Material and methods: Pre-treatment CT images of 318 patients with locally advanced HNSCC were collected. Four-hundred forty-six features were extracted from each primary tumour volume and then filtered through stability analysis and clustering. First, a baseline signature was developed from demographic and tumour-associated clinical parameters. This signature was then supplemented by CT imaging features. A final signature was derived using repeated 3-fold cross-validation on the discovery cohort. Performance in external validation was assessed by the concordance index (C-Index). Furthermore, calibration and patient stratification in groups with low and high risk for loco-regional recurrence were analysed.
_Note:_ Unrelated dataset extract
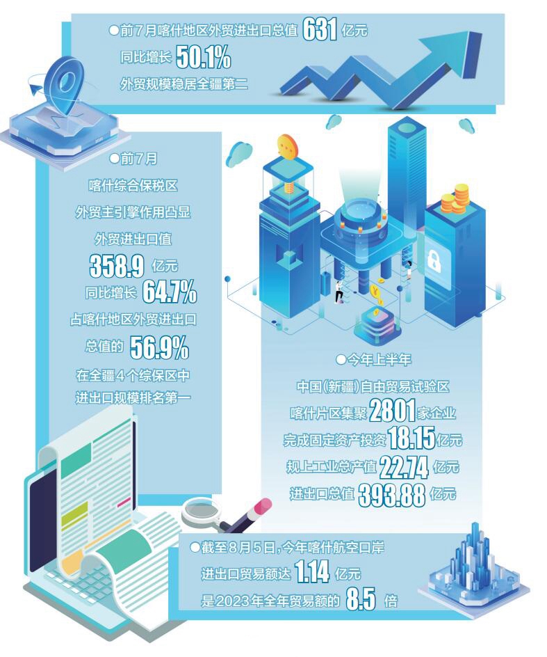 前7月,喀什地区外贸进出口总值631亿元、同比增长50.1%,外贸规模稳居全疆第二;喀什综合保税区外贸主引擎作用凸显,外贸进出口值358.9亿元、同比增长64.7%,占喀什地区外贸进出口总值的56.9%,在全疆4个综保区中,进出口规模排名第一……
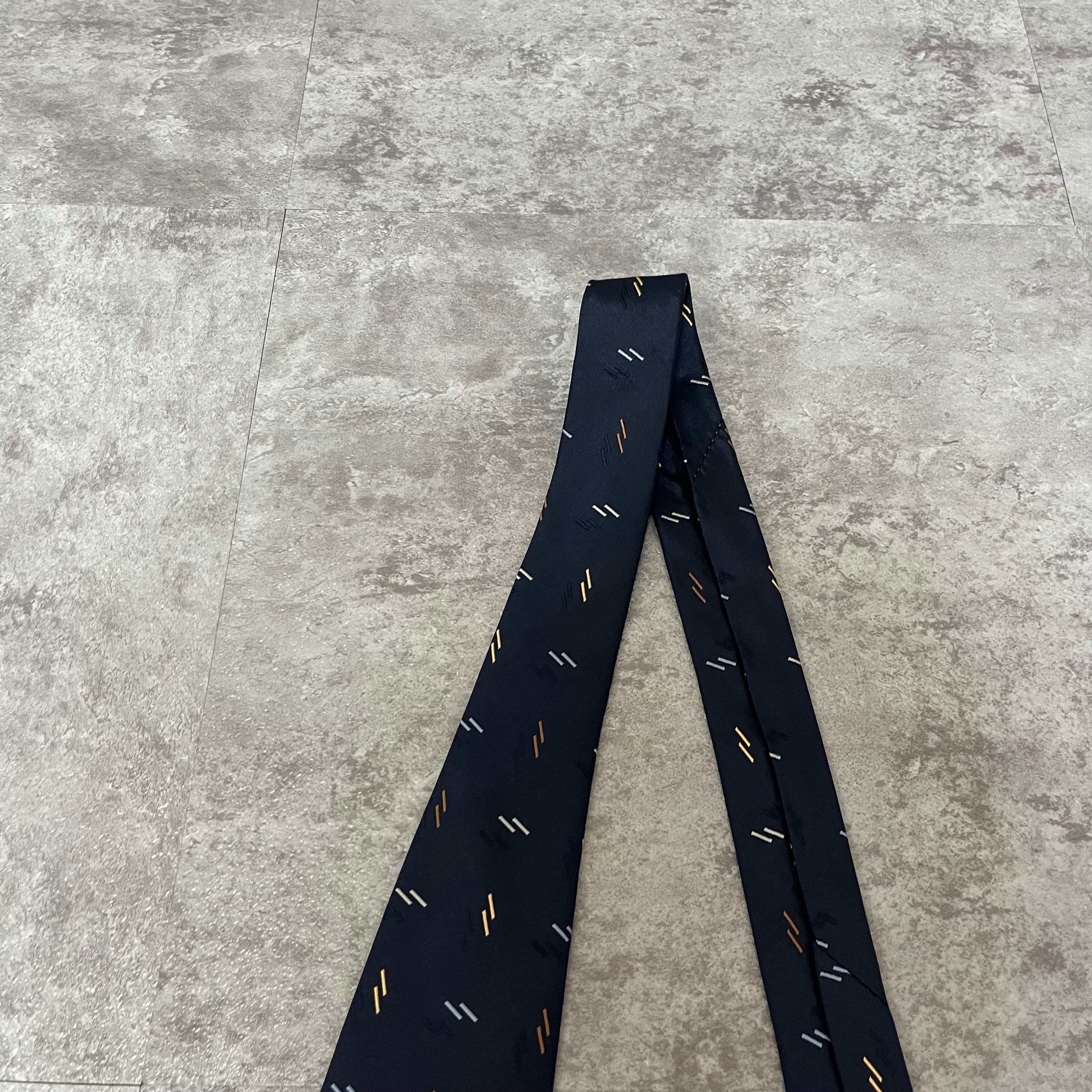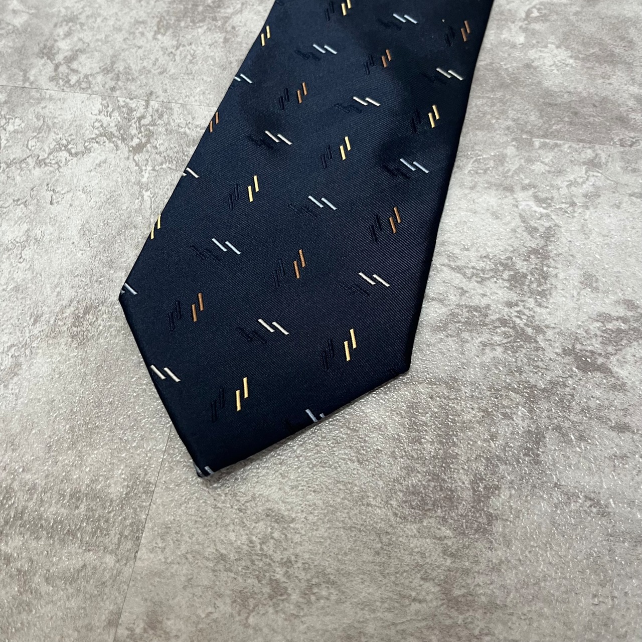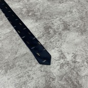 【小紋柄】小紋柄ネクタイ シャドウシルエット ネイビー 光沢 ビジネス向け 紺色

Results: For the clinical baseline signature, only the primary tumour volume was selected. The final signature combined the tumour volume with two independent radiomics features. It achieved moderately good discriminatory performance (C-Index [95% confidence interval]: 0.66 [0.55–0.75]) on the validation cohort along with significant patient stratification (p = 0.005) and good calibration.
Conclusion: We identified and validated a clinical-radiomics signature for LRC of locally advanced HNSCC using a multi-centric retrospective dataset. Prospective validation will be performed on the primary cohort of the HNprädBio trial of the DKTK-ROG once follow-up is completed.